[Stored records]

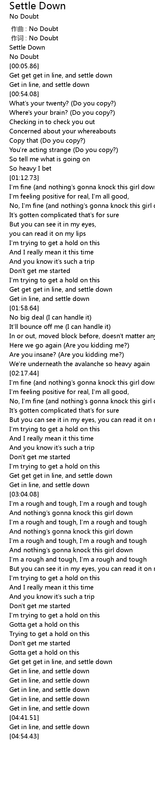 | [01:22.53] | No, I'm fine (and nothing's gonna knock this girl down) |
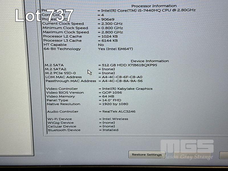 LAPTOP, DELL LATITUDE 5480, CORE i5 7440HQ (7TH GEN) @ 2.8GHz, 8GB DDR4 RAM, 512GB M.2 SSD, 14" WIDESCREEN (1920x1080), INTEL HD GRAPHICS 630, Wi-Fi, BLUETOOTH, WINDOWS 10 HOME INSTALLED & POWER SUPPLY S/N:FCMD3M2
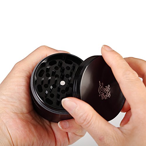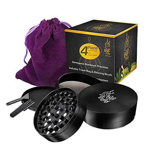 Herb & Weed Grinder with Pollen / Kief Catcher. 4 Piece Heavy Duty Anodized Aluminum. FREE Scraper, Brush, Travel Bag & Gift Box. 2.5 Inches Black. Designed to last!
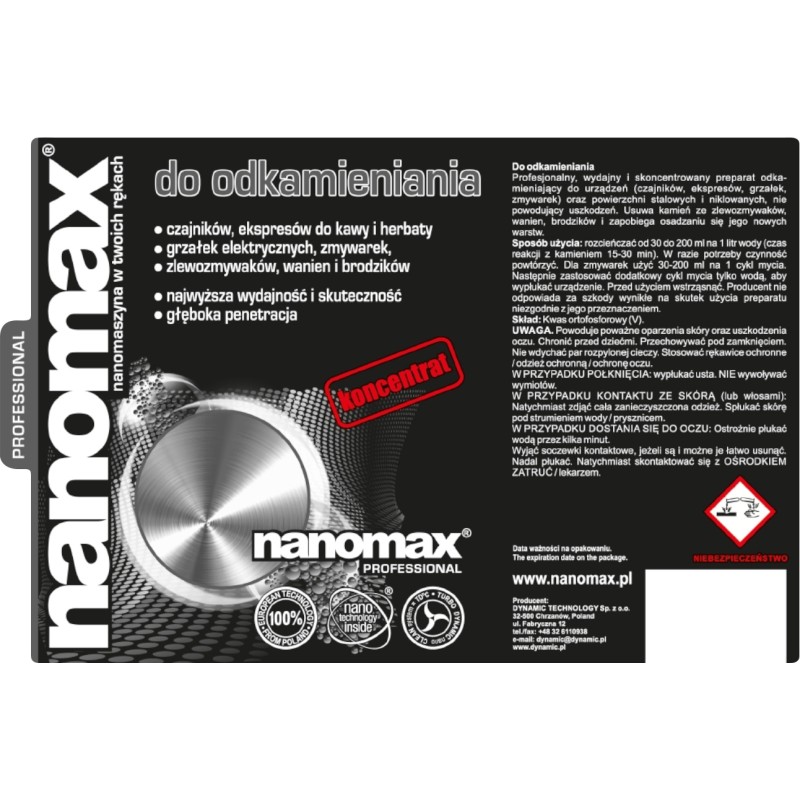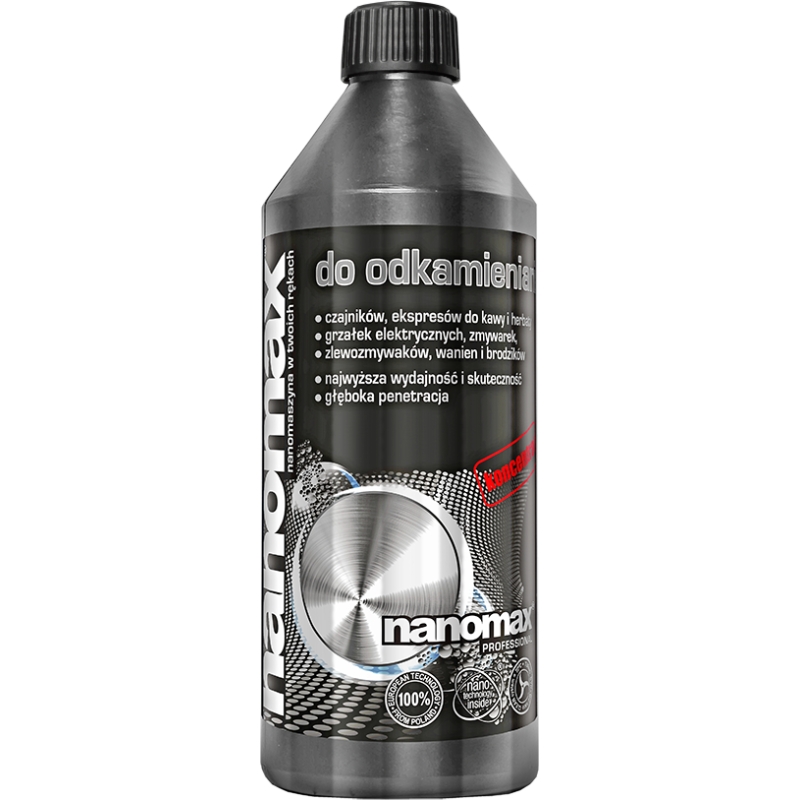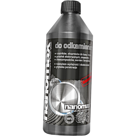 Środek do odkamieniania NANOMAX Professional 1L - to silnie skoncentrowany preparat do usuwania osadów wapiennych, kamienia kotłowego, rdzy oraz innych nieczystości mineralnych. Doskonale sprawdza się w czyszczeniu urządzeń AGD, armatury łazienkowej, kabin prysznicowych, kafelków, toalet, czajników, ekspresów do kawy czy pralek.
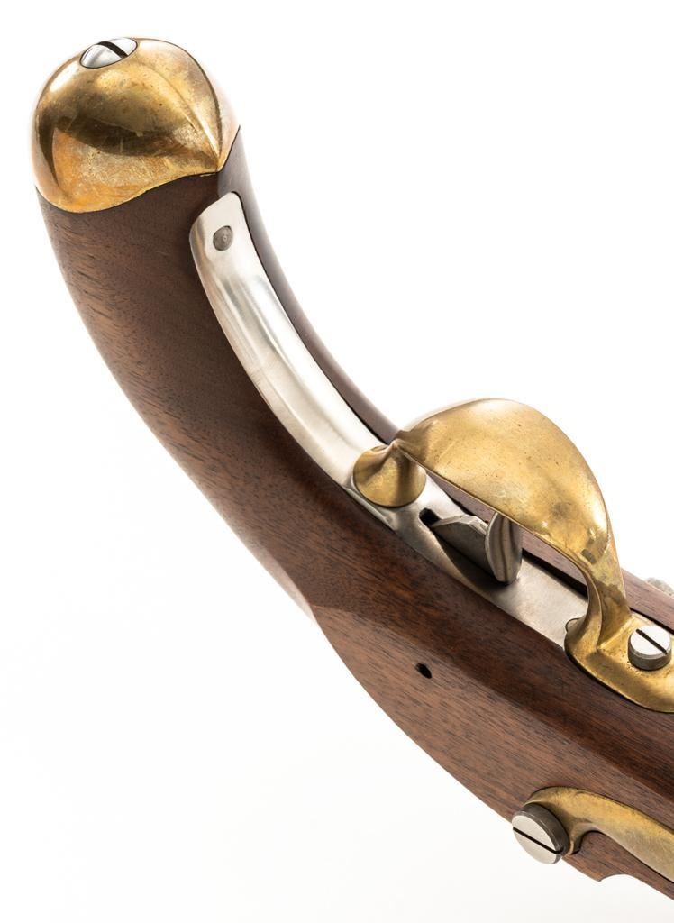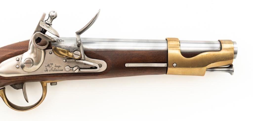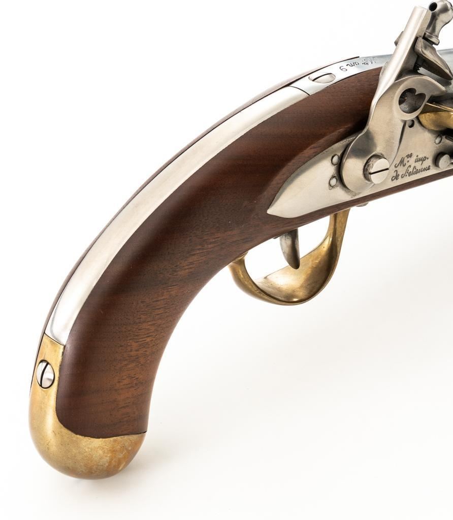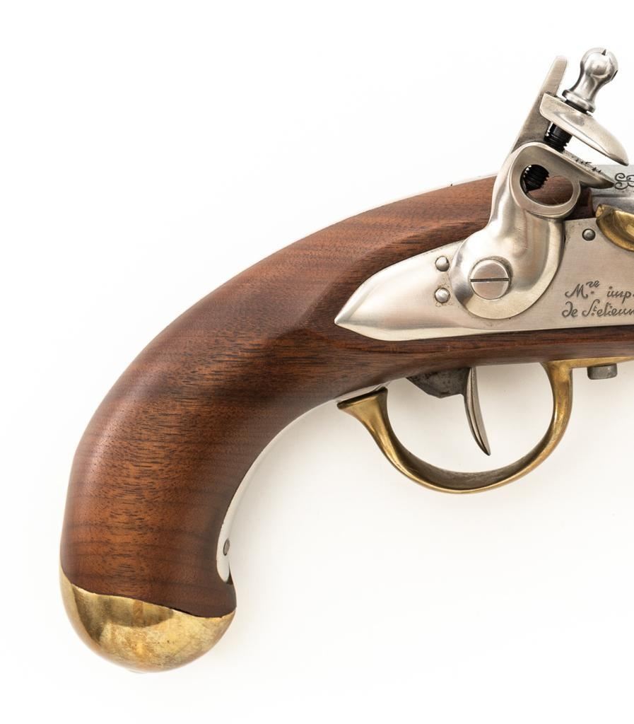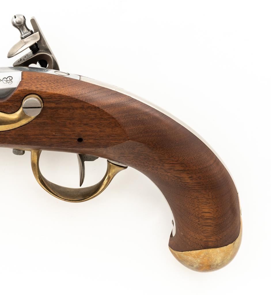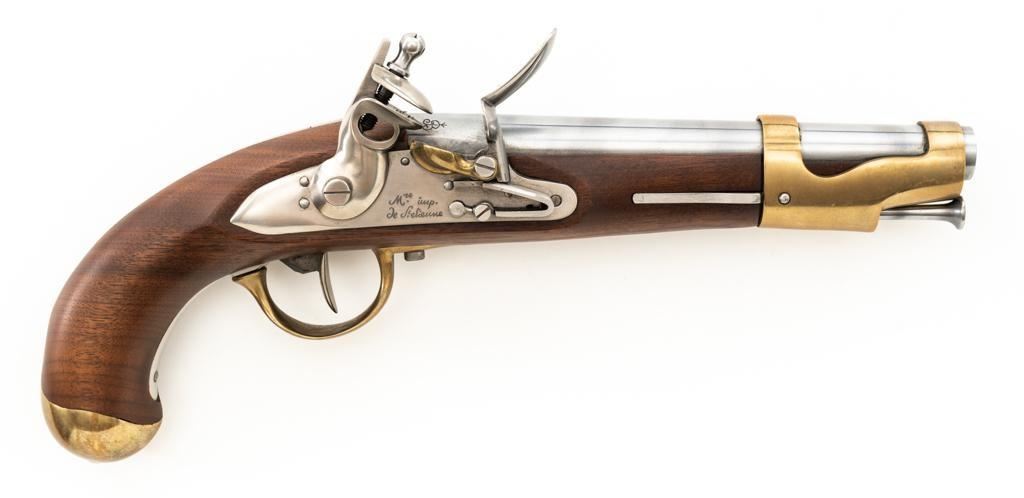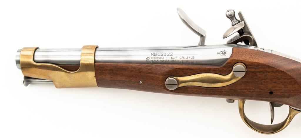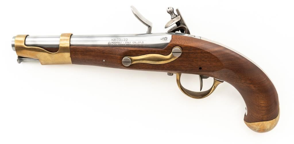 Pedersoli Model IX Reproduction St. Etienne Flintlock Pistol, #NB02122, .69 cal. black powder, 8.25'' round barrel, metal is in the white, one-piece wood stock with brass hardware, no sights. A high quality reproduction of a Napoleonic period pistol. Manufactured 2007 in Italy. Condition is excellent, metal surfaces are bright. Brass barrel band and buttcap show some light scratching and handling marks. Stock with a few shallow dents and scratches. Action is strong and functions smoothly. Smoothbore is bright. Est.: $500-$600. (No FFL Required)
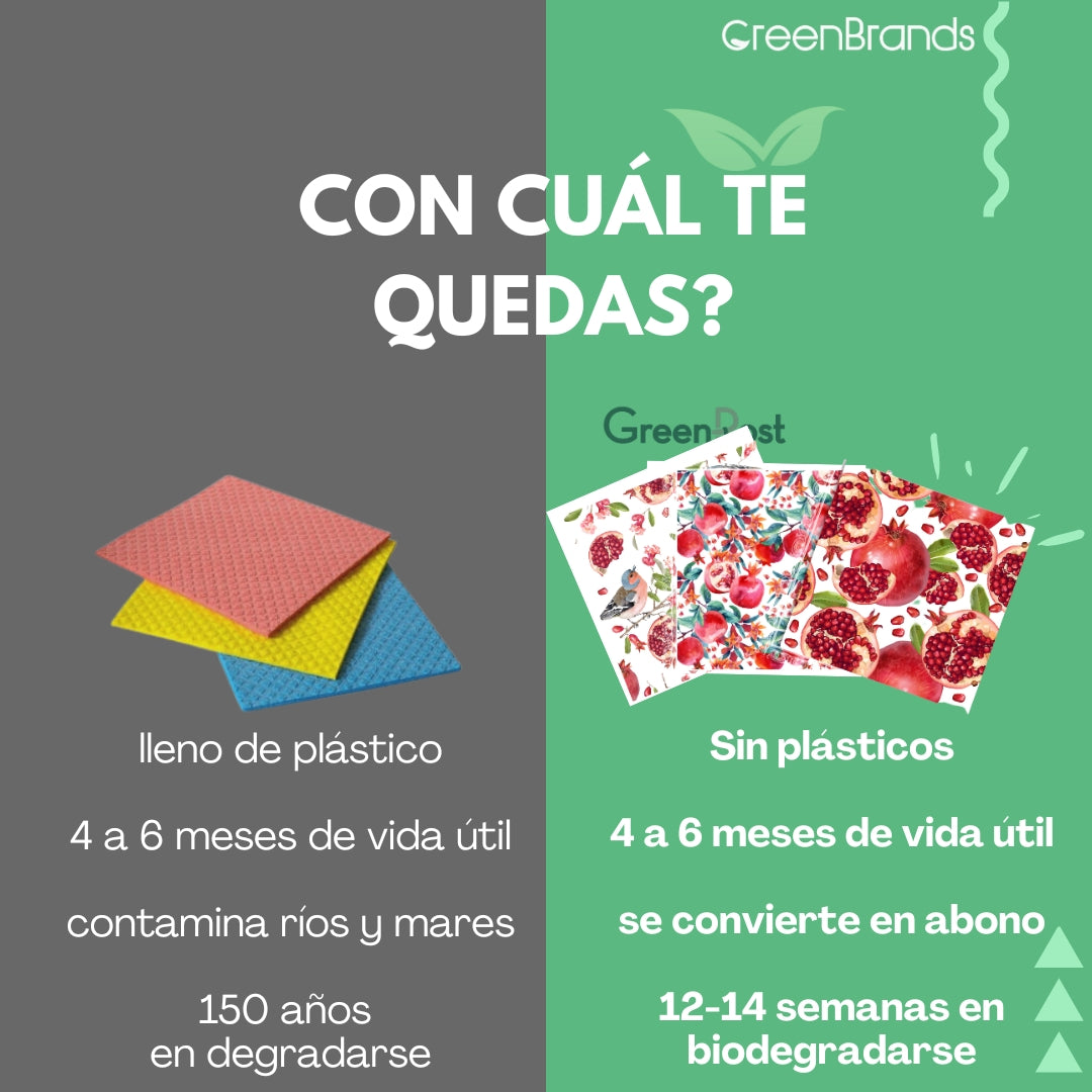 Caja de 10 Packs - 30 Paños Esponja Compostable - Diseño Granadas
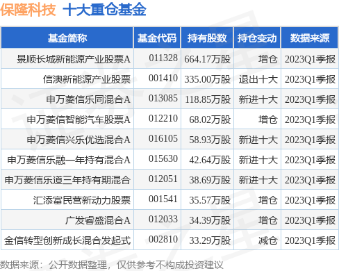 重仓保隆科技的前十大公募基金请见下表:
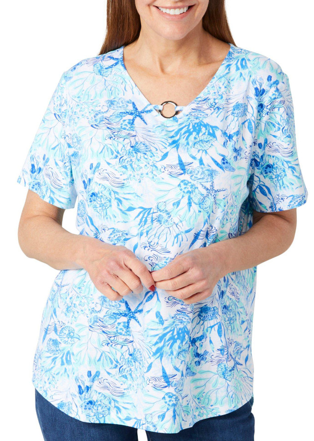 Dive into style with our Women's Short Sleeve Under Sea V-Neck Top. Crafted from a comfortable blend of cotton and spandex, this top features a vibrant under-the-sea themed print. The v-neckline with a chic ring accent adds a touch of elegance, while the short sleeves and 25-inch length ensure a flattering fit. Perfect for any casual outing, this top combines comfort and style effortlessly.
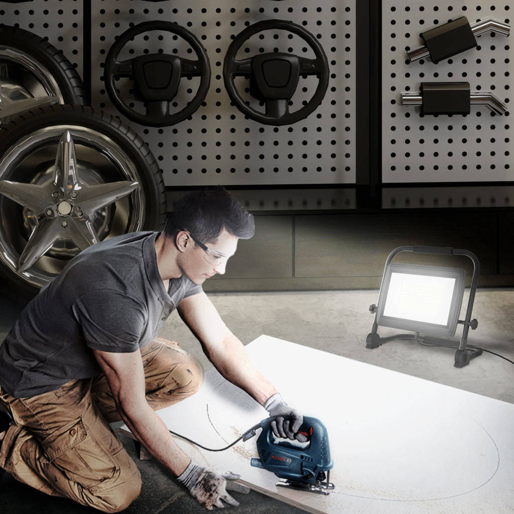 • ALTA LUMINOSITÀ: La nostra lampada LED offrono un flusso luminoso di 8500 lumen e una temperatura di colore di 6500K, migliorando notevolmente la visibilità per lavori con scarsa luce nel settore edile, nelle attività all'aperto, in fabbrica ecc...
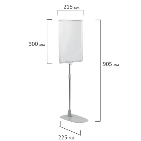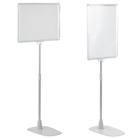 Напольная стойка-держатель идеальна для донесения визуальной информации до клиента или посетителя. Подходит для использования в магазинах, выставочных залах, на предприятиях. Обладает функцией регулировки по высоте.

## Exercise prompt
Copy the records exactly, leaving out every picture.

## Your response
 | [01:22.53] | No, I'm fine (and nothing's gonna knock this girl down) |
 LAPTOP, DELL LATITUDE 5480, CORE i5 7440HQ (7TH GEN) @ 2.8GHz, 8GB DDR4 RAM, 512GB M.2 SSD, 14" WIDESCREEN (1920x1080), INTEL HD GRAPHICS 630, Wi-Fi, BLUETOOTH, WINDOWS 10 HOME INSTALLED & POWER SUPPLY S/N:FCMD3M2
 Herb & Weed Grinder with Pollen / Kief Catcher. 4 Piece Heavy Duty Anodized Aluminum. FREE Scraper, Brush, Travel Bag & Gift Box. 2.5 Inches Black. Designed to last!
 Środek do odkamieniania NANOMAX Professional 1L - to silnie skoncentrowany preparat do usuwania osadów wapiennych, kamienia kotłowego, rdzy oraz innych nieczystości mineralnych. Doskonale sprawdza się w czyszczeniu urządzeń AGD, armatury łazienkowej, kabin prysznicowych, kafelków, toalet, czajników, ekspresów do kawy czy pralek.
 Pedersoli Model IX Reproduction St. Etienne Flintlock Pistol, #NB02122, .69 cal. black powder, 8.25'' round barrel, metal is in the white, one-piece wood stock with brass hardware, no sights. A high quality reproduction of a Napoleonic period pistol. Manufactured 2007 in Italy. Condition is excellent, metal surfaces are bright. Brass barrel band and buttcap show some light scratching and handling marks. Stock with a few shallow dents and scratches. Action is strong and functions smoothly. Smoothbore is bright. Est.: $500-$600. (No FFL Required)
 Caja de 10 Packs - 30 Paños Esponja Compostable - Diseño Granadas
 重仓保隆科技的前十大公募基金请见下表:
 Dive into style with our Women's Short Sleeve Under Sea V-Neck Top. Crafted from a comfortable blend of cotton and spandex, this top features a vibrant under-the-sea themed print. The v-neckline with a chic ring accent adds a touch of elegance, while the short sleeves and 25-inch length ensure a flattering fit. Perfect for any casual outing, this top combines comfort and style effortlessly.
 • ALTA LUMINOSITÀ: La nostra lampada LED offrono un flusso luminoso di 8500 lumen e una temperatura di colore di 6500K, migliorando notevolmente la visibilità per lavori con scarsa luce nel settore edile, nelle attività all'aperto, in fabbrica ecc...
 Напольная стойка-держатель идеальна для донесения визуальной информации до клиента или посетителя. Подходит для использования в магазинах, выставочных залах, на предприятиях. Обладает функцией регулировки по высоте.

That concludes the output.